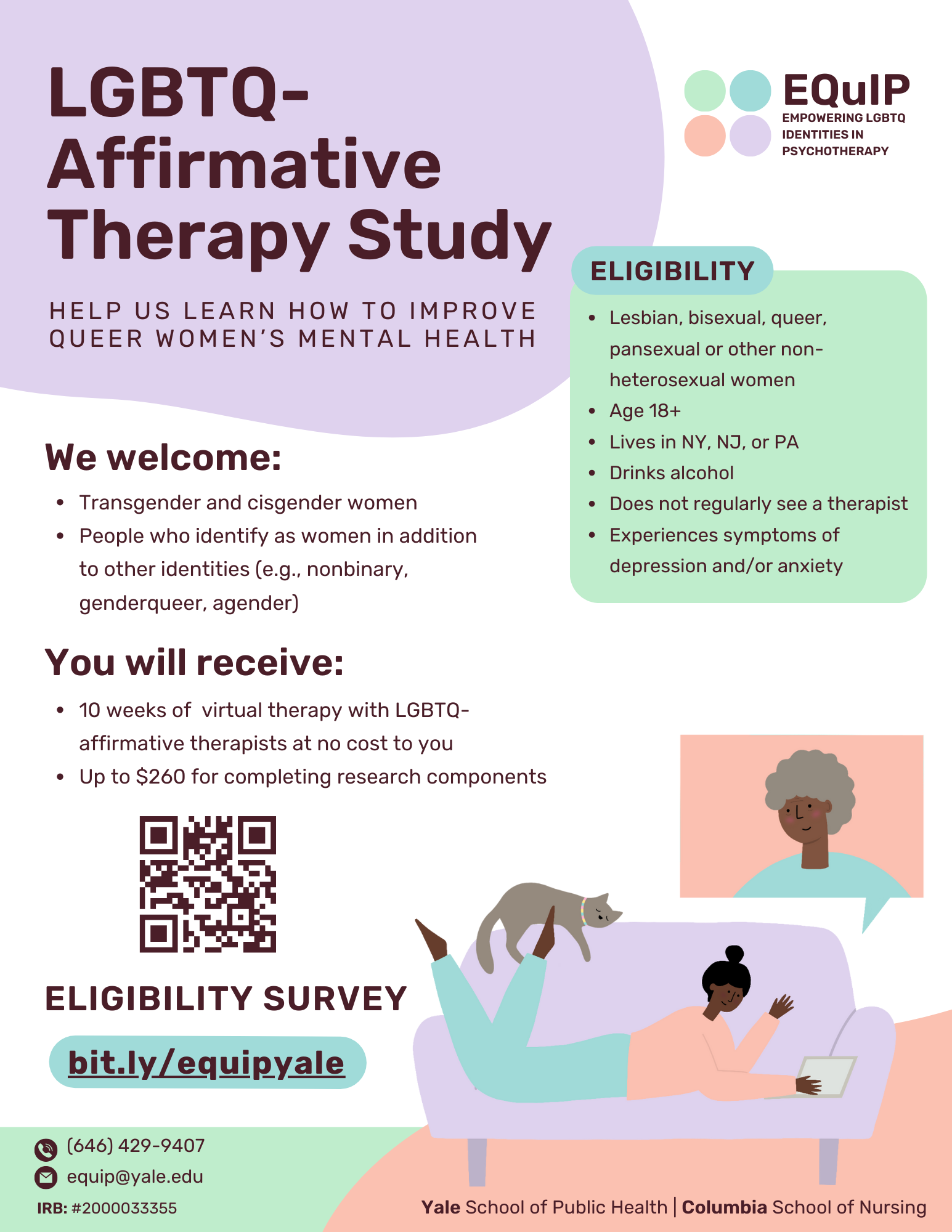 With Project EQuIP (Empowering Queer Identities in Psychotherapy) we aim to understand psychotherapy approaches work for queer women. Study participants will receive 10 sessions of LGBTQ-affirmative therapy and up to $260 for completing surveys and interviews about their experiences. We welcome transgender and cisgender women, as well people who identify as women in addition to other identities (e.g., nonbinary, genderqueer, agender).
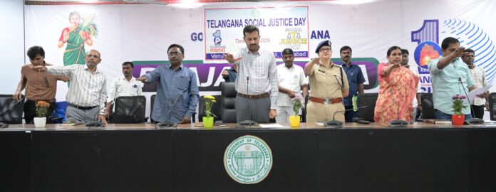 నేటి సాక్షి వికారాబాద్:వికారాబాద్ జిల్లా కలెక్టరేటులోని సమావేశoలో తెలంగాణ సామాజిక న్యాయ దినోత్సవాన్ని పురస్కరించుకొని జిల్లా ఎస్పీ స్నేహ మెహ్రా, జిల్లా అధికారులు, సిబ్బందితో కలిసి జిల్లా కలెక్టర్ ప్రతీక్ జైన్ ప్రతిజ్ఞ చేశారు. ఈ సందర్భంగా జిల్లా కలెక్టర్ మాట్లాడుతూ… భారతదేశానికి స్వాతంత్రం వచ్చినప్పటికీ సామాజికపరంగా, వివక్షతో కూడిన సమాజంలో మార్పు రావాలన్న సదుద్దేశంతో ప్రతి సంవత్సరం ఫిబ్రవరి 4వ తేదీన తెలంగాణ సామాజిక న్యాయ దినోత్సవాన్ని నిర్వహించడం జరుగుతుందన్నారు. ప్రజలందరూ సమానత్వం, న్యాయం, గౌరవం కోసం నిలబడాలని, ఏ రూపంలోనైనా అన్యాయని ఎప్పుడూ సమర్ధించవద్దని కలెక్టర్ సూచించారు. భారతరత్న బాబాసాహెబ్ అంబేద్కర్ ఎన్నో విలువలతో కూడిన రాజ్యాంగాన్ని రూపొందించడం జరిగిందని, రాజ్యాంగ సూత్రాలను సమర్థిస్తూ న్యాయమైన, సామరస్య పూర్వకమైన, సాధికారత కలిగిన తెలంగాణ భారతదేశ కోసం కృషి చేయాల్సిన బాధ్యత మనందరిపై ఉందని ఆయన ఈ సందర్భంగా గుర్తు చేశారు.ఈ కార్యక్రమంలో మున్సిపల్ ఎన్నికల వ్యయ పరిశీలకులు రమేష్, జిల్లా అదనపు కలెక్టర్ రాజేశ్వరి, డిఆర్ఓ మంగీలాల్, ఆర్డీఓ వాసు చంద్ర, డిబిసిడిఓ మాధవ రెడ్డి లతో పాటు వివిధ శాఖల జిల్లా అధికారులు, సిబ్బంది పాల్గొన్నారు.
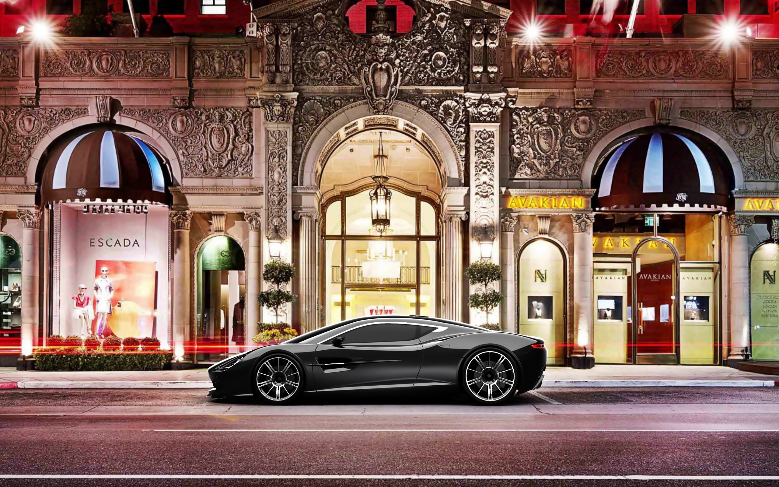 Edytor tapety: Aston, Martin, DBC, Noc, Ulica, Sklepy
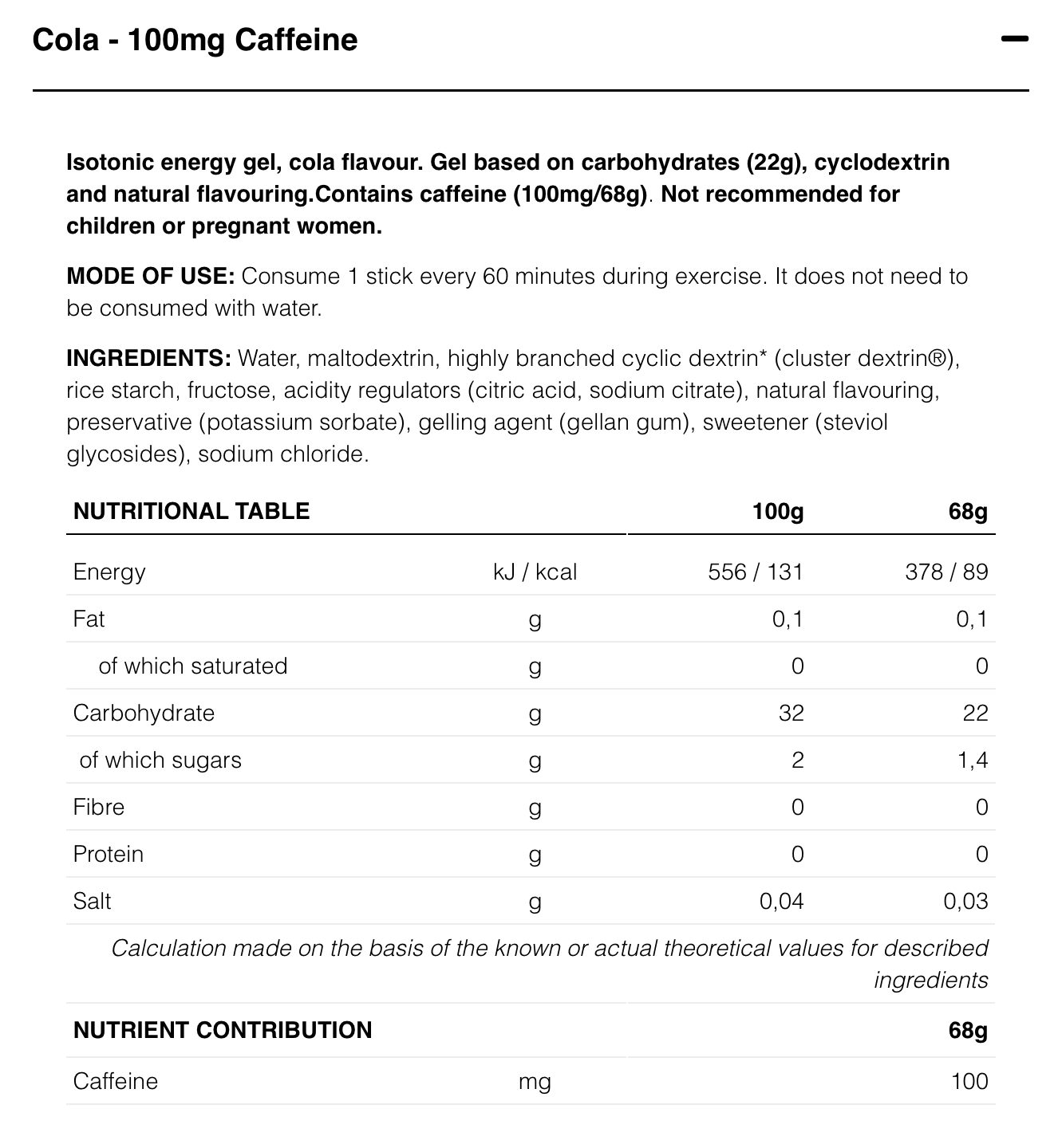 In a 68-g, 89-kcal stick format, it contains 22 g of carbohydrates per unit, of which practically the entirety are complex hydrates and only 1.4 g is sugar.
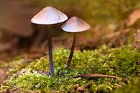 Delicate, delicate paddenstoelen op de bosgrond. Dennennaalden en mos op de grond. Paddenstoelen zijn bijgesneden, met bokeh.
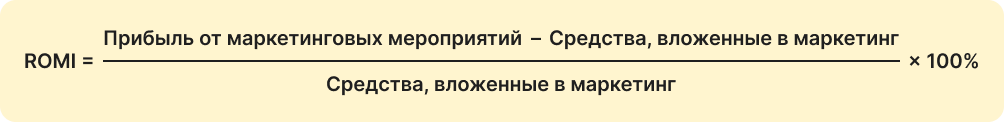 ROMI, или Return on Marketing Investment — это коэффициент возврата инвестиций в рекламу. Его смотрят, чтобы оценить эффективность всех маркетинговых каналов. Учитывают всё: участие в акциях, баннеры у торговых центров, мероприятия, онлайн-продвижение.
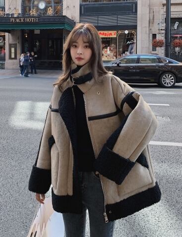 ボリューム感のあるボアとオーバーサイズが女性らしい印象に。
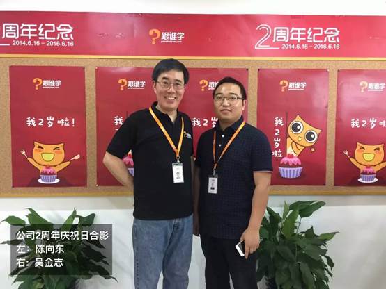 在2015年8月,受原阿里巴巴云计算研发总监、原搜狐视频首席技术官、跟谁学公司联合创始人兼C端事业部总裁江潮先生的邀请,加盟跟谁学公司,担任后台产品负责人。
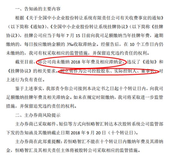 2018年9月14日,主辦券商光大證券發(fā)布風(fēng)險(xiǎn)提示公告,恒略智匯本應(yīng)該在2018年7月15日交掛牌費(fèi),至今未繳納。
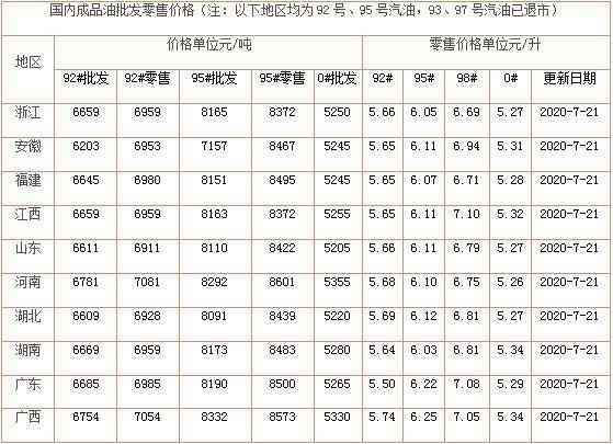 ?廣東深圳:92號汽油零售價(jià)4.80元,95號汽油零售價(jià)5.98元,浙江杭州:92號汽油零售價(jià)5.07元,95號汽油零售價(jià)5.66元,福建廈門:92號汽油零售價(jià)4.87元,95號汽油零售價(jià)5.26元,安徽合肥:92號汽油零售價(jià)5.18元,95號汽油零售價(jià)5.39元,江西資溪:92號汽油零售價(jià)5.04元,95號汽油零售價(jià)5.69元。
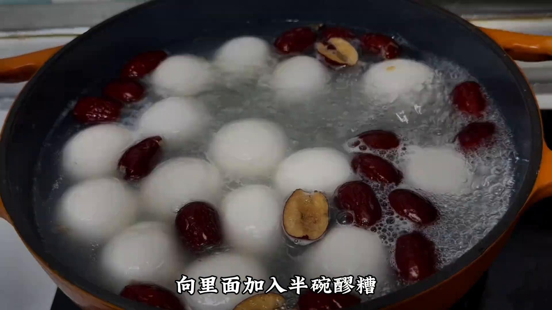 ·煮至汤圆沸腾后,下面一步也非常的关键。加入半碗冷水,再向里面加入一把红枣。再次煮开锅后,向里面加入半碗醪糟,一块红糖,不喜欢也可以不放。记住全程不要加热水。这样做的目的:
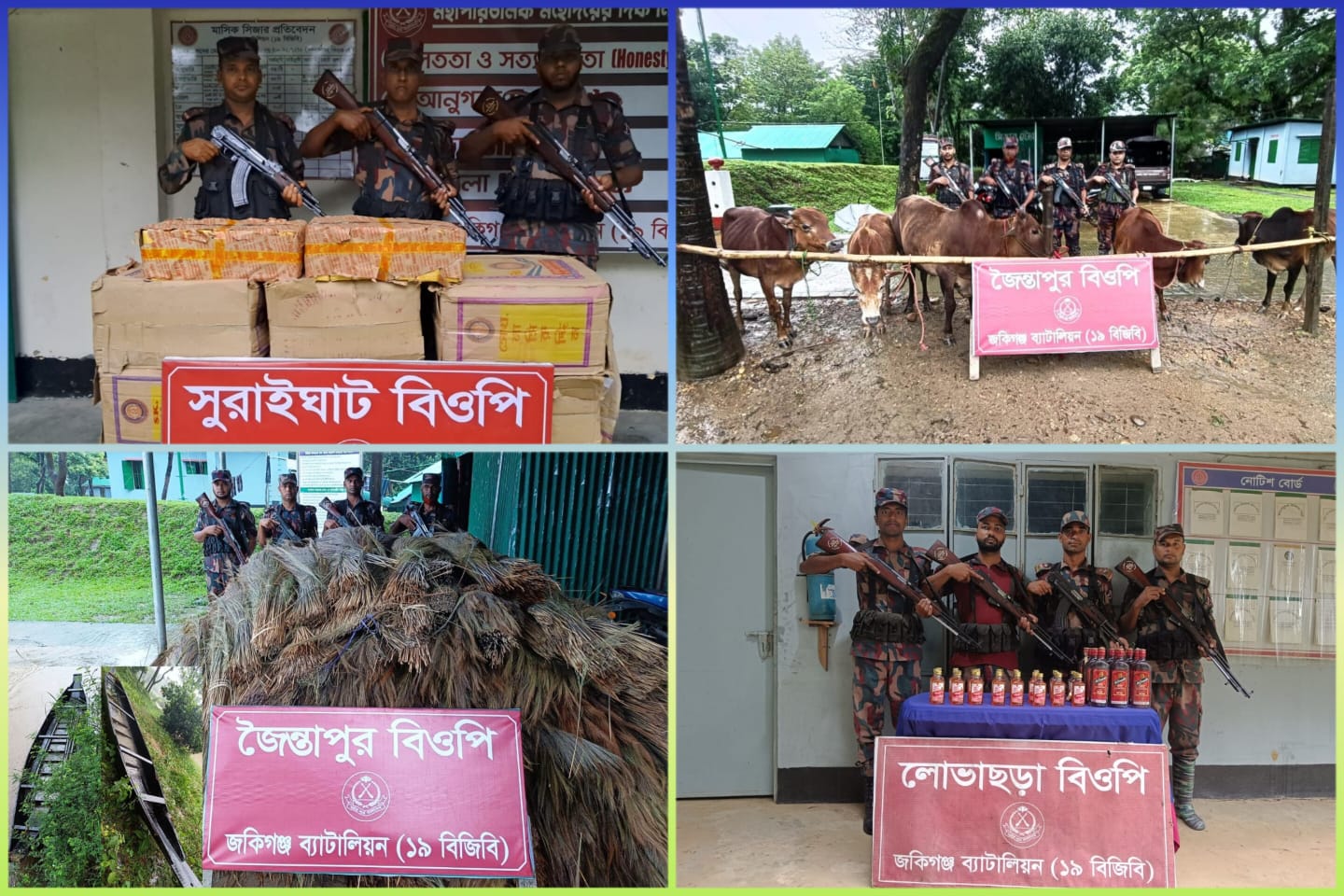 জৈন্তাপুর- সংবাদদাতা : :: সিলেট সীমান্তের বিভিন্ন স্থানে অভিযান চালিয়ে সাড়ে ১৭ লাখ টাকার ভারতীয় গরু, মদ ও বিভিন্ন রকম
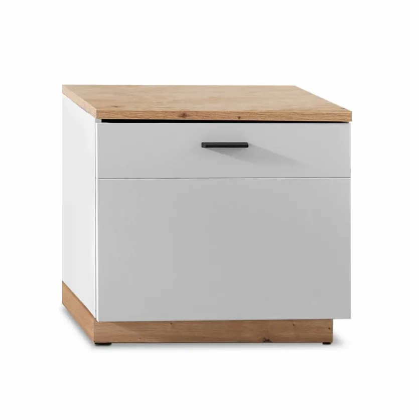 - Aus Holzwerkstoff (Spanplatte) mit kratzfester Melaminharzfolie in Modern White, Absetzung aus Holzwerkstoff (Spanplatte) mit kratzfester Melaminharzfolie in Eiche Artisan
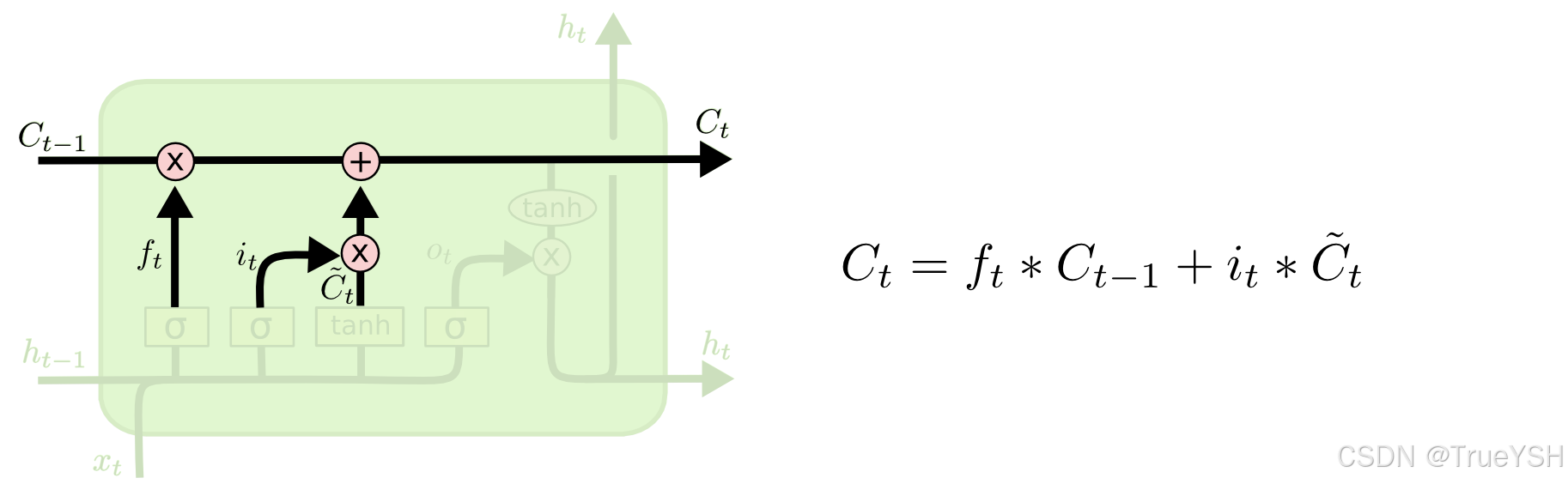 首先,使用上一时刻的记忆信息 C_(t-1),经过 Sigmoid 激活函数归一化之后得到向量 P。这个向量实际上是一个信息选择向量,里面的值越接近于 1,则越倾向于保留对应维度的信息;越接近于 0,则代表越倾向于遗忘对应维度的信息。与此同时,基于相同的输入向量 E(来自遗忘门的计算),送入 Tanh 激活函数,得到新的候选记忆向量 Q。此向量包含可能添加到记忆细胞的新信息。然后,将向量 P 和 Q 按元素相乘,得到向量 S。这一步骤实际上是将输入信息 Q 中有价值的部分有选择性地记录下来,作为短期记忆的一部分存储在向量 S 中。
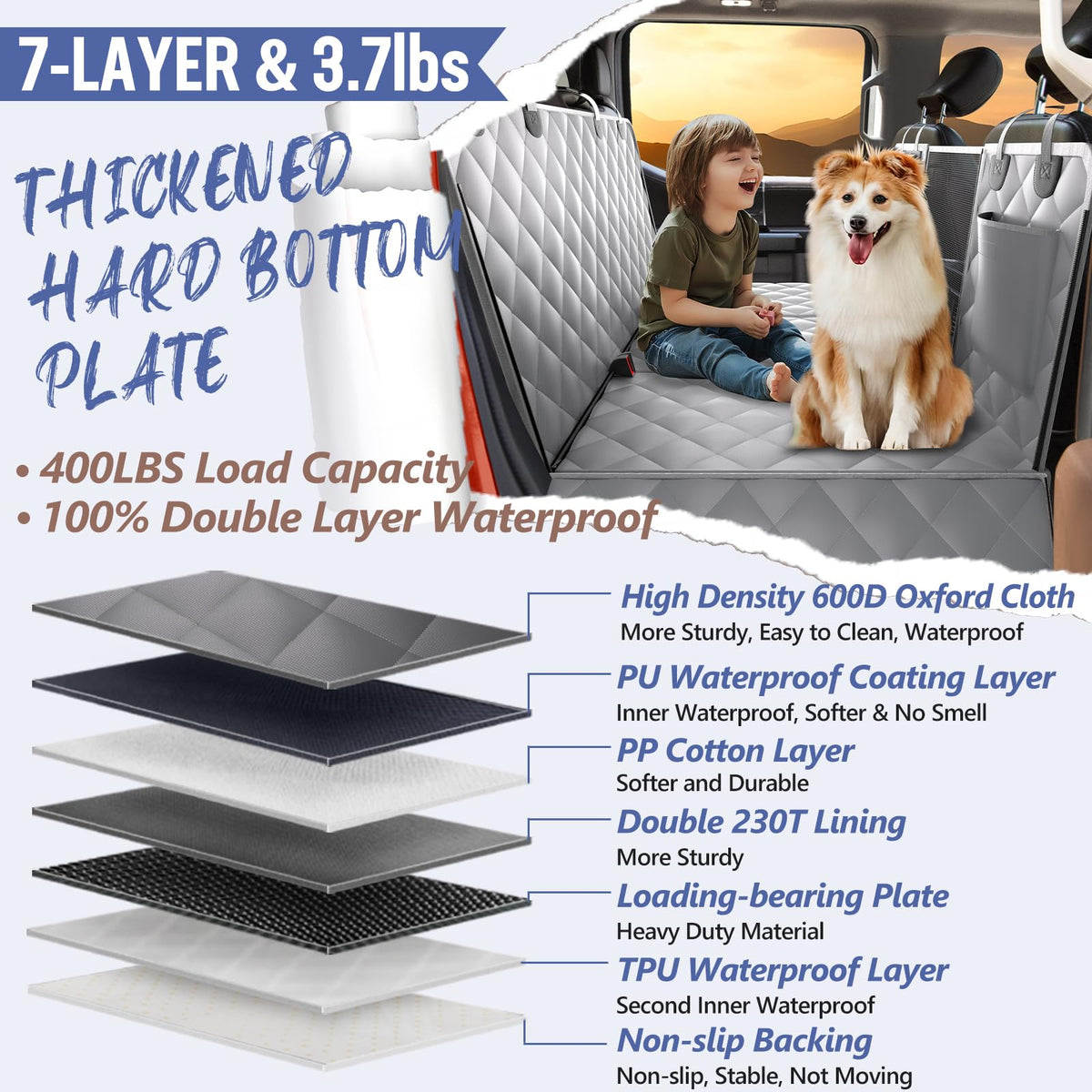 Q: Is the ROUWINNE Back Seat Extender waterproof?A: Yes, the ROUWINNE Back Seat Extender features a PU coating and a TPU internal waterproof layer, providing a double-layer waterproof effect that keeps your backseat protected from spills, slobber, and pet hair, ensuring easy cleaning and maintenance.
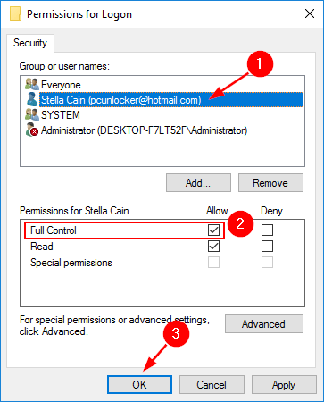 - 返回到权限窗口时,选择所需的用户名,然后检查允许下的复选框完全控制行,然后单击好的。
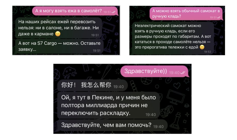 У S7 Airlines есть чат на сайте, Телеграме и мобильном приложении, где стандартными фразами путешественникам отвечал стандартный чат-бот. Такие консультации не были эффективными, поэтому путешественник часто просил связаться с оператором. Перед нами стояло несколько задач:
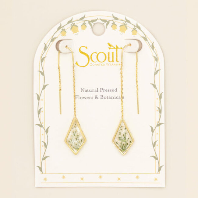 Pressed Flower Thread Earring - White Lace Flower/Gold
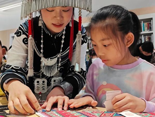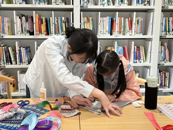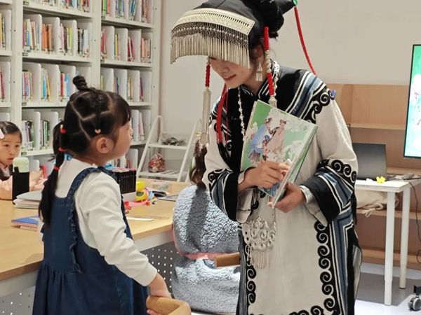 2025年4月4日,白云图书馆与我校教育学院联合举办的“非遗·彝族”绘本讲读与三角包制作公益活动,于白云图书馆负一楼少儿阅览区圆满落幕。此次活动由我院22级学前教育专业李子同学担任主讲教师,她用生动的叙述和多样的互动方式,引领小朋友们探索彝族非遗文化的独特魅力。同时,23级小学教育2班的姚曼琳同学和24级小学教育2班的何嘉恒同学担任助教。教育学院学前教育系主任王晟老师、教育学院曹谨老师也莅临现场,共同见证了这场意义非凡的公益教育活动。
____________________
→ **Exercise requirements**: Nothing but the lines from the line containing "Pressed Flower Thread" through the last line of the records above should be written out, exactly and without the pictures.

→ **Task answer**:
 Pressed Flower Thread Earring - White Lace Flower/Gold
 2025年4月4日,白云图书馆与我校教育学院联合举办的“非遗·彝族”绘本讲读与三角包制作公益活动,于白云图书馆负一楼少儿阅览区圆满落幕。此次活动由我院22级学前教育专业李子同学担任主讲教师,她用生动的叙述和多样的互动方式,引领小朋友们探索彝族非遗文化的独特魅力。同时,23级小学教育2班的姚曼琳同学和24级小学教育2班的何嘉恒同学担任助教。教育学院学前教育系主任王晟老师、教育学院曹谨老师也莅临现场,共同见证了这场意义非凡的公益教育活动。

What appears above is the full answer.